Nie wiedząc dlaczego zatrzymałem się w tej wiosce.
Może dlatego, że zobaczyłem sporo ludzi wokół kościoła?
- W chwile potem się okazało po co mi to było.



Chce mi się częściej bywać we właściwym miejscu, o stosownym czasie.
- Często mi się zdarza to chcenie.

sobota, 11 września 2010

Na balkonie (338)



Ostatnim rzutem na taśmę zdyszane pelargonie zakwitły po raz ostatni!
Walą przyjemną po oczach czerwienią.
Jesienną.



Na szczęście już za 7 miesięcy będzie wiosna!

piątek, 10 września 2010

From the other space (337)



Utrwalając sobie świat leżałem grzecznie w porannej trawie gdy ją usłyszałem.
Domyśliłem się, że przybywa z drugiego brzegu: pełnego ruchu i zmieniających się krajobrazów.
Świata pełnego ekscytujących wrażeń, wspaniałych przygód i pięknych niespodzianek.
Widok jej trochę mnie rozczarował.
- Jaki tam z niej parowóz!

czwartek, 9 września 2010

Wczoraj (336)



No i stoję tak od wczoraj.
...a może to było jeszcze dawniej?!

środa, 8 września 2010

Średnio (335)

Środek tygodnia.



Może dlatego jest mi tak jakoś... średnio.

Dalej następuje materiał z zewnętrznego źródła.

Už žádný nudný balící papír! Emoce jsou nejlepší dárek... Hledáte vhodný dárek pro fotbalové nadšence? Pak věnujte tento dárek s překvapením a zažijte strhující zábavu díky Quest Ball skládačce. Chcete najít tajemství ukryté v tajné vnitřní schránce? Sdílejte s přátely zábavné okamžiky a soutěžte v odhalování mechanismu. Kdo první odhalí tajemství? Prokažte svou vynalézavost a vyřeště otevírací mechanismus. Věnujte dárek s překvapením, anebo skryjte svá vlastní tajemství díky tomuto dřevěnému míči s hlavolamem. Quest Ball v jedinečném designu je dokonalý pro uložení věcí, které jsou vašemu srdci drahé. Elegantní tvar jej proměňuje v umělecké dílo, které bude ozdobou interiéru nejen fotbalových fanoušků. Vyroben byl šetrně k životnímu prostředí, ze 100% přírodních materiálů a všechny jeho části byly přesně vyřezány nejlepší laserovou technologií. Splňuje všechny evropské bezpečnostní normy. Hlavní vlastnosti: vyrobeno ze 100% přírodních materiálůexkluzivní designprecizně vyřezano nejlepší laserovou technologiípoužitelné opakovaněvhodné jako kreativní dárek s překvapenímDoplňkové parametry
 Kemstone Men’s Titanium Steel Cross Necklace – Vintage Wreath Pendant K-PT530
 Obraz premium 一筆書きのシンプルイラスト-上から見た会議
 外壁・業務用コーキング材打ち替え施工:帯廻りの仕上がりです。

Ni wielkich zadań przed - ni wyzwań wielkich po.



Ot, spokojny koniec lata.



- No właśnie!

wtorek, 7 września 2010

Zabłąkana owieczka (334)



Skromny pastor Terry Jones z miasteczka Gainsville na Florydzie zaprosił wiernych na całym świecie do powszechnego celebrowania wydarzenia pt: "Międzynarodowy Dzień Palenia Koranu".

Gdyby na 11 września komuś brakowało ku temu argumentów na witrynie internetowej zgromadzenia któremu przewodzi wielebny T.J. podano "10 powodów dla których warto spalić Koran". Gdyby jednak kogoś to nie pasjonowało to zawsze może się podeprzeć autorytetem osoby która jest przeciw czyli Prezydent Stanów Zjednoczonych Ameryki Północnej pan Barrack Husajn Obama... .

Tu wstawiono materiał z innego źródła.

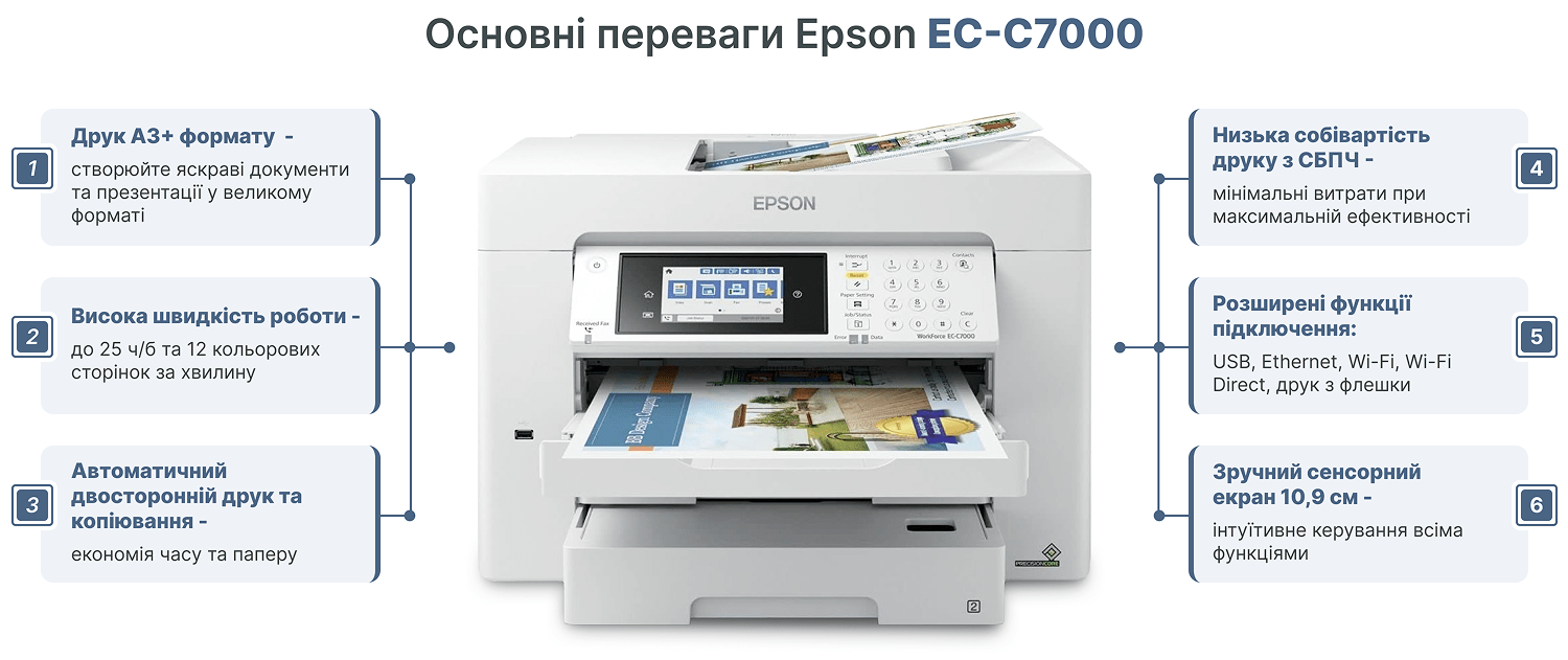 У БФП EPSON EC-C7000 використовуються інноваційні технології, які дозволяють:

Uprzejmie zawiadamiam organizatora eventu, że nie wezmę w tym przedsięwzięciu udziału. Z przyczyn naturalnych nie stać mnie na kupno książki, tylko po to by ją spalić.
- W końcu jestem tylko Obserwatorem...



...i już nie zajmuję się zmianą biegu historii tego świata.

poniedziałek, 6 września 2010

Kanał (333)



Ostatnio wpadłem w kanał...
... chociaż jaki tam ze mnie kinoman!

To, że podoba mi się każdy film z W. Allenem nic nie znaczy.
Co najwyżej że mam jeszcze poczucie humoru.
A tu t a k i film!
Dający się oglądać z przyjemnością.
- Chodzi o "Madame Curie".



Ostatnio z czystego lenistwa leżałem sobie spokojnie plackiem.
Przez trzy dni.
I nic by nie zmąciło mego spania-spania i spania gdyby nie ten film!
Po kolei jednak.

Nasz telewizor ma kanałów pięćdziesiąt i dwa.
Z tego trzy daje się oglądać, ale tylko czasem i nie na długo.
Aż tu nagle pomiędzy snem nr 5 i 6 (a może to było pomiędzy 8 i 9?!)
wpadłem w ten kanał! A tam filmy jeden z drugim.
Takie jak lubię! Jakie? No takie jak lubię!
No i ten... .

* * *

Recenzji z natury rzeczy nie będzie.
Ten film trzeba obejrzeć.
Obowiązkowo, bo odpytam.
- I proszę się nie tłumaczyć, że nie miałem / nie miałam czasu/ możliwości / okazji.
To jest po prostu obowiązek.
Czasy mamy trudne, materialistyczne i mało patriotyczne więc na pokrzepienie serc jak znalazł.
"Madame Curie".
POLECAM.

Tak samo jak wspomniane kiedyś ciasteczka owsiane polecam!
Są pyszne.
Jeżeli te ciasteczka ktoś polubił to wyobraźcie sobie jak wspaniały musi być ten film.
A jest.
ZAPEWNIAM.

niedziela, 5 września 2010

Powtórka z nowości (332)

Dożarł mi tegoroczny SkyWay", aż tak mocno, że do dziś nie mogę się po nim pozbierać.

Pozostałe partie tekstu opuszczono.